Patients and methods

A retrospective analysis was performed on the patients who underwent HoLEP and MILEP between March, 2022 and December, 2023 at our institute. These patients were followed up for a period of 6 months. The clinical demographic, perioperative and functional outcome data were compared.

Results

Propensity score matching yielded 137 patients in each study group. The median prostate size was similar; [55(42–74) cc] in HoLEP group vs. [54(40–70) cc (p = 0.442)] in the MILEP group.

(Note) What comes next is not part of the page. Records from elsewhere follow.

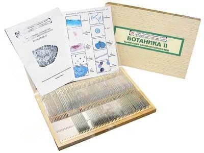 Снабжен экспликацией на русском и английском языках. При необходимости препараты окрашены, что делает их детали более контрастными. Комплект содержит методические рекомендации по проведению лабораторных работ, снабженные иллюстрациями, на которых показано, какие детали препарата можно рассмотреть, и какое увеличение рекомендуется для этого использовать.
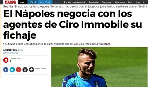 Nelle settimane scorse si era sparsa la voce di un possibile interessamento del Napoli per Ciro Immobile, notizia poi smentita dal presidente De Laurentiis. Ebbene oggi questa voce si fa nuovamente forte. Infatti, come riporta l’edizione online di Marca, il Napoli si starebbe muovendo per acquistare l’attaccante del Siviglia. Oggi – raccontano dalla Spagna – i partenopei dovrebbero incontrare gli agenti dell’attaccante e iniziare a trovare un’intesa per l’ingaggio. La strategia del club azzurro infatti pare sia quella di trovare prima l’accordo con il giocatore e poi affondare il colpo con il Siviglia.
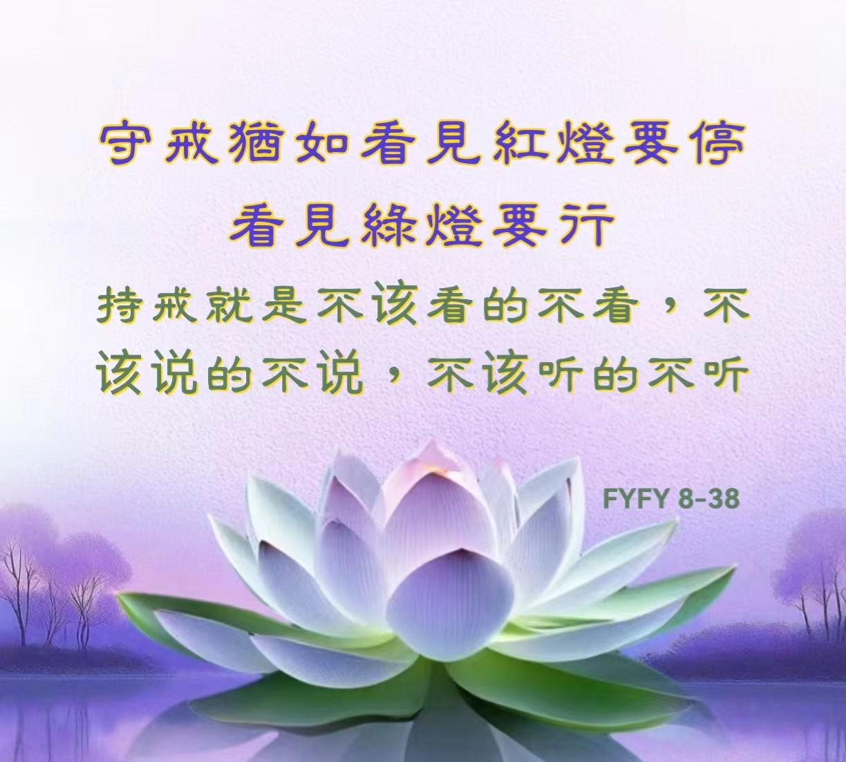 守戒犹如看见红灯要停,看见绿灯要行;持戒就是不该看的不看,不该说的不说,不该听的不听。
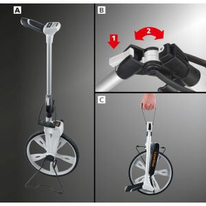 Description: This reliable roller distance measuring device is designed for use in straight lines and curves. The measuring wheel is accurate to the nearest centimetre up to 9,999.9 metres. Measured values are shown on the easy-to-read display. A movable indicator provides information on the exact start and final position. Rolling the wheel forwards adds to the measured values while rolling it backwards subtracts. The device has a hold function for locking the current value on the display. Five entries can be stored in the measured value log for documentation purposes. Easy to transport due to folding design.
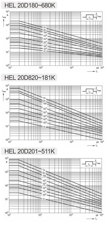 14D滿足20D的(de) 脈沖性能(néng)要(yào)求 14D instead of 20D 舉例2 Example HEL14D561KX能(néng)達到(dào) 6KV/3KA 100次 HEL14D561KX reach 6KV/3KA 100 times |
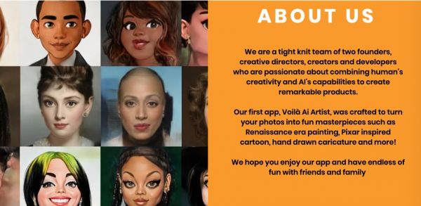 那么是谁突然推出了Voilà AI Artist呢?其幕后是一家名为Wemagine.AI的公司。这家公司今年一月才正式于英国伦敦登记注册,成立不到两个月就推出了这款App。目前网络上几乎没有关于这家公司和团队的信息。其官网主页也非常简单,除了表明自己是Voilà AI Artist的创作者外,只介绍说他们是一群热爱将人工智能技术跟创意相结合的小团队,且有两个主要发起人。Voilà AI Artist是他们的制作的第一个App。
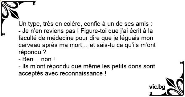 - Je n’en reviens pas ! Figure-toi que j’ai écrit à la faculté de médecine pour dire que je léguais mon cerveau après ma mort… et sais-tu ce qu’ils m’ont répondu ?
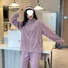 Pijama de coral fleece para mulheres outono e inverno novo estilo mais veludo e espessamento pode ser usado ao ar livre para manter aquecido flanela inverno roupa de casa terno

MILEP group had significantly less enucleation time: [ 34(25–40) mins vs. 38 (30–45) mins; p = 0.012)] and morcellation time [6(4–10) mins vs. 7(5–11) mins; p = 0.04]. HoLEP group had significantly higher dry weight of morcellated tissue [25(15–40) g vs. 20 (15–32); p = 0.03)]. Both modalities demonstrated similar enucleation efficiency; [(0.68 (0.42-1gm/min and 0.67 (0.43–0.91) gm/min, in HoLEP and MILEP respectively; p = 0.368)]. There was no significant difference in the incontinence rates at catheter removal and at 6 months [(10.2% vs. 9.5%; p = 0.839, and 1.5% vs. 0%; p = 0.498, respectively)], urethral stricture [(10.2% vs. 4.4%, respectively; p = 0.063] and bladder neck contracture rates [(1.5% vs. 2.9%, respectively; p = 0.684)].

Conclusion

MILEP demonstrated comparable efficacy and safety to HoLEP, allowing safe management of small and medium sized glands.